La notion de bien-être au travail est un concept global faisant référence à un sentiment général de satisfaction et d'épanouissement dans et par le travail.
Le bien-être met l'accent sur la perception personnelle et collective des situations et des contraintes de la sphère professionnelle. Le sens de ces réalités a, pour chacun, des

conséquences physiques, psychologiques, émotionnelles et psychosociales et se traduit, en outre, par un certain niveau d'efficacité pour l'entreprise.
Aussi, la Direction est convaincue que cette approche sociale, reposant sur le bien-être au travail, développera dans l'entreprise une conception de l'efficacité et de la performance respectueuse de la santé de ses salariés, favorisant leur motivation et leur implication dans le travail et contribuant à l'épanouissement professionnel des salariés, tout en améliorant l'ambiance de travail au sein des équipes.
Convaincue du bien-fondé de cette approche, la Direction a pris la décision de faire un pas supplémentaire en instituant les modalités d'acquisition des JRTT et la semaine de travail de 4 jours, 4,5 jours ou 5 jours.

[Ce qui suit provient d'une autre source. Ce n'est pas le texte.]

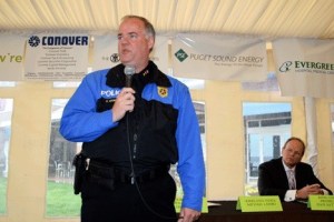 Kirkland Police Chief Eric Olsen addresses a crowd of nearly 100 as he discusses crime in Kirkland during a Kirkland Chamber of Commerce luncheon at the Woodmark Hotel Tuesday. Also pictured is King County Prosecutor Dan Satterberg.
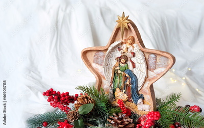 Beautiful traditional Christmas native scene and festive decorations, blurred light background. Star of Bethlehem, traditional symbol of Christmas holiday.

Le présent accord a pour objet de clarifier et de consolider l'ensemble des règles applicables en matière d'organisation du temps de travail au sein de la société xxx, en intégrant notamment les évolutions relatives à I'articulation entre le jour off et les absences, à la prise de demi-journées de congés payés et de RTTr et aux conditions d'exercice du dispositif de semaine de 4 jours.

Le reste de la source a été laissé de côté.